Breathe In, Breathe Out

Dearest Readers,

I hope you have had a wonderful long weekend and enjoyed the extra day off! As a student who has no family in BC, I spent the day studying for upcoming midterms and had dinner with wonderful friends!

Similarly to the previous week, my ASTU class has continued the conversation about Judith Butler, but we have also now added Juliana Spahr’s This Connection of Everyone with Lungs, which is a collection of two poems.

I want to talk about the first poem in Juliana’s collection, titled poem that was written after September 11th, 2001. When I first read it, I felt as though as was unable to catch my breath and almost gasped for air. The poem gradually builds by starting with

“as everyone with lungs breathes the space between the hands and the space around the hands in and out” (5)

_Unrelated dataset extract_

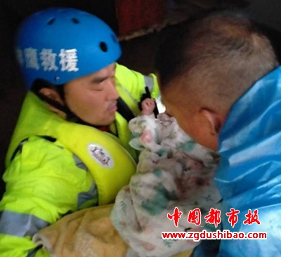 新安一大队马小红队员,作为一位女同志更让人值得敬佩!到达一线奋不顾身的去商户寻找被困人员,将受灾人员搀扶到救援车上;杨保锋队员在民房搜救的被困人员是一位年龄最小的小孩,队员杨保锋抱着熟睡的小孩,孩子并没有哭没有闹,小宝宝也知道神鹰救援队没有放弃救援!

In her writing there are no commas or breaks where you feel it is appropriate to breathe, so this is where you may experience the breathless feeling. It continues to build until she gets to this point,

“as everyone with lungs breathes the space between the hands the space around the hands and the space of the room and the space of the building that surrounds the room and the space of the neighborhoods nearby and the space of the cities and the space of the regions and the space of the nations and the space of the continents and islands and the space of the oceans and the space of the troposphere and the space of the stratosphere and the space of the mesosphere in and out

In this everything turning and small being breathed in and out by everyone with lungs during all the moments.

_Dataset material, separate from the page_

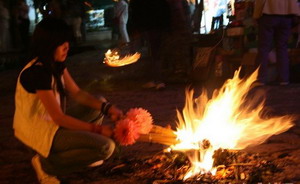 从农历六月二十四日起,纳西人按古规一连要过三天的火把节,点三个晚上的火把。每天门前要点一支柱子般又粗又大的大火把,寨子里的青年们个个拿着又细又长的小火把,沿着田埂、山路,边走边唱,直到深夜。火把燃得越旺,就越吉利,人们越高兴。(节选自

Then all of it entering in and out.

The entering in and out of the space of the mesosphere in the entering in and out of the space of the stratosphere in the entering in and out of the space of the troposphere in the entering in and out of the space of the oceans in the entering in and out of the space of the continents and islands in the entering in and out of the space of the nations in the entering in and out of the space of the regions in the entering in and out of the space of the cities in the entering in and out of the space of the neighborhoods nearby in the entering in and out of the space of the building in the entering in and out of the space of the room in the entering in and out of the space around the hands in the entering in and out of the space between the hands.

How connected we are with everyone.”(8-9)

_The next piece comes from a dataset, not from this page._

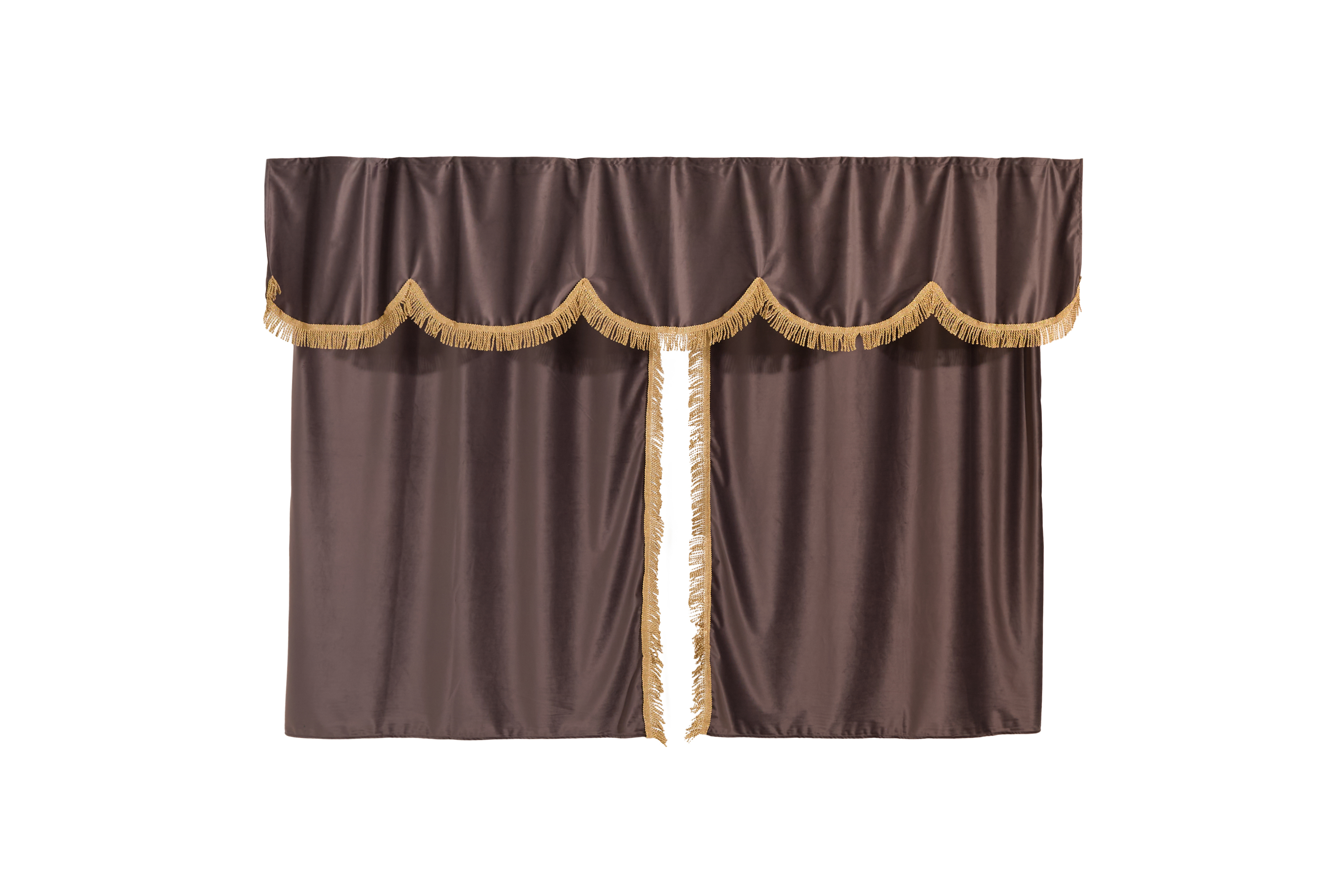 Шторы спального места с ламбрекеном в кабину Volvo, Scania, MAN, DAF, Merc, Камаз, Sitrak, Shacman, Foton, FAW. Высота 1,5м, ширина одной стороны - 1,15м. Блэкаут, велюр. Кофейный цвет с бежевой бахромой

This poem drastically altered how I understand everyone to be connected. In geography we discussed how everyone is connected through using the example of products like the iPhone, where its components can come from 60 plus countries, but Spahr shows us it is so much more than that. Possibly the least thought about yet singularly most important component of living, is air, and I had never realized just how much it connected every living thing on this planet. Spahr opened my eyes to this idea that I had never considered before and it got me thinking. I was thinking how much we rely on the air to be clean and breathable so that we can live and be healthy and yet at the same time how much in one day we pollute and damage that exact air.

With all this thinking about air I could not help myself but think about global warning. Humans drive cars everywhere, garbage is overrunning our planet, destroying the air. There are many people on this planet who do not feel that global warming is a big deal, but maybe that’s because they were like me and haven’t connected all the dots just yet. When we talk about global warming, it is largely focused on the idea of how we are polluting the air, which is killing the physical structure of the earth, which has resulted in the change of temperature patterns which has led to the death of many creatures, along with many other things. But why is it that it’s never stated that the pollution we create is killing us? If people thought of polluting the air as killing themselves, or their mother and father, or their children, would they be more concerned? If you personalize the damage of air, would people change their patterns and possibly save this planet that we call home, along with all the living organisms that live on it?

As Juliana Spahr put it,

“How lovely and how doomed this connection of everyone with lungs.” (10)

 

 

Works Cited

Spahr, Juliana. This Connection of Everyone with Lungs: Poems. Berkeley: University of California Press, 2005. Print.